Awesome Lists containing this project

README

        # chat

[![Open in GitHub Codespaces](https://github.com/codespaces/badge.svg)](https://codespaces.new/adamelliotfields/chat?devcontainer_path=.devcontainer/devcontainer.json&machine=basicLinux32gb)

> [!IMPORTANT]  

> No longer maintained. :cry: When I first made this, there was no UI for WebLLM. The official app at [chat.webllm.ai](https://chat.webllm.ai) is now the best UI for WebLLM and is actively maintained. Use that or one of Xenova's WebGPU [spaces](https://huggingface.co/collections/Xenova/transformersjs-demos-64f9c4f49c099d93dbc611df) instead! :llama:

React chat UI for [Web LLM](https://webllm.mlc.ai) on GitHub Pages. Built with Tailwind and Jotai. Inspired by [Perplexity Labs](https://labs.perplexity.ai).

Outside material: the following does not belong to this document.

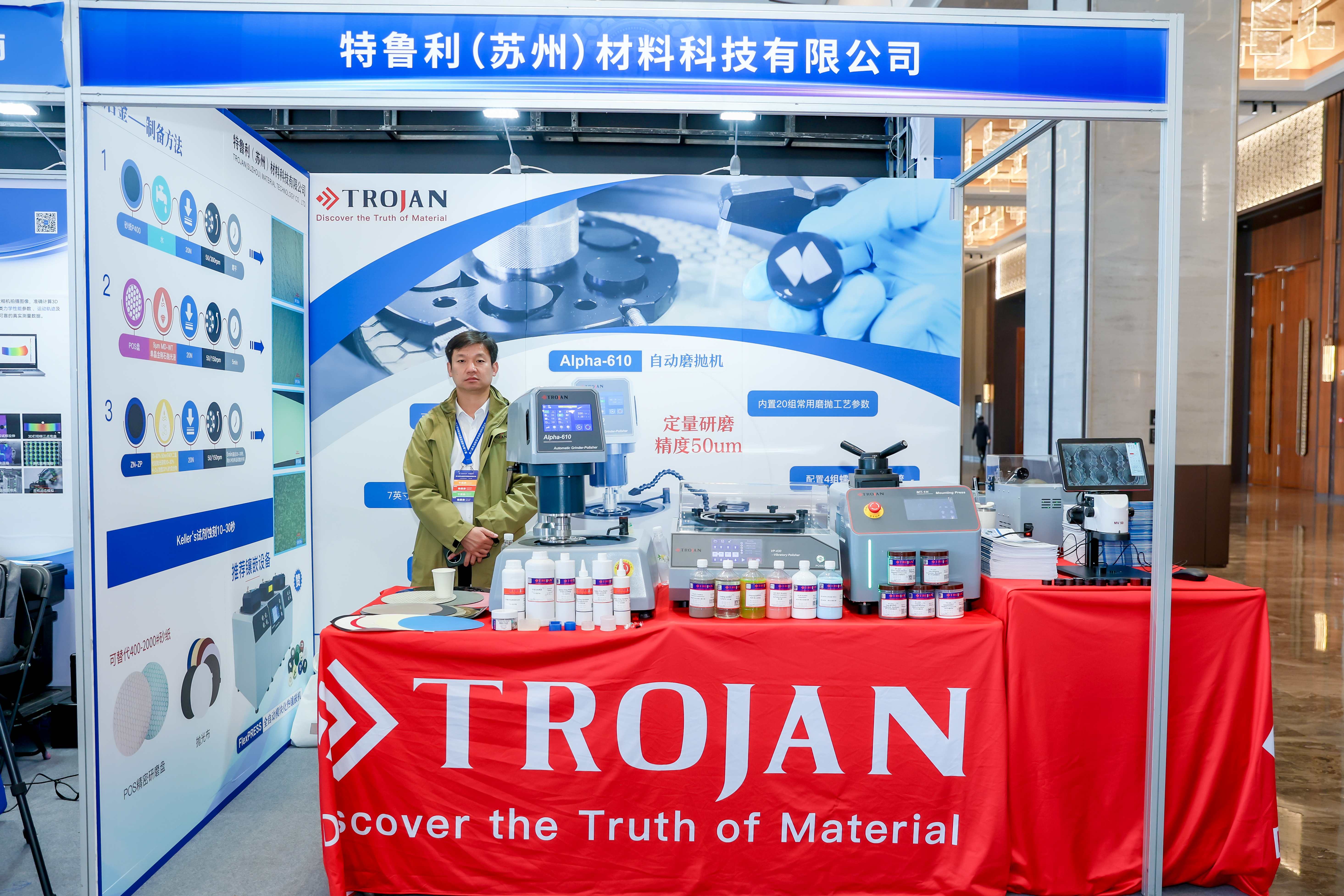 Als uitstekende partner van deze conferentie presenteerde Trojan zijn reeks oplossingen voor het testen van materiaal voor vliegtuigmotoren. Verschillende apparaten, waaronder de Alpha-610 automatische slijp- en polijstmachine , VP-430 vibrerende polijstmachine , en CT-150 Precisiesnijmachine met lage snelheid , trokken veel aandacht vanwege hun uitzonderlijke prestaties.

https://github.com/adamelliotfields/chat/assets/7433025/07565763-606b-4de3-aa2d-8d5a26c83941

## Introduction

[Web LLM](https://github.com/mlc-ai/web-llm) is a project under the [MLC](https://mlc.ai) (machine learning compilation) organization. It allows you to run large language models in the browser using WebGPU and WebAssembly. Check out the [example](https://github.com/mlc-ai/web-llm/tree/main/examples/simple-chat) and read the [introduction](https://mlc.ai/chapter_introduction/index.html) to learn more.

In addition to [`@mlc-ai/web-llm`](https://www.npmjs.com/package/@mlc-ai/web-llm), the app uses TypeScript, React, Jotai, and Tailwind. It's built with Vite and SWC.

## Usage

```sh

# localhost:5173

npm install

npm start

```

## Known issues

I'm currently using Windows/Edge stable on a Lenovo laptop with a RTX 2080 6GB.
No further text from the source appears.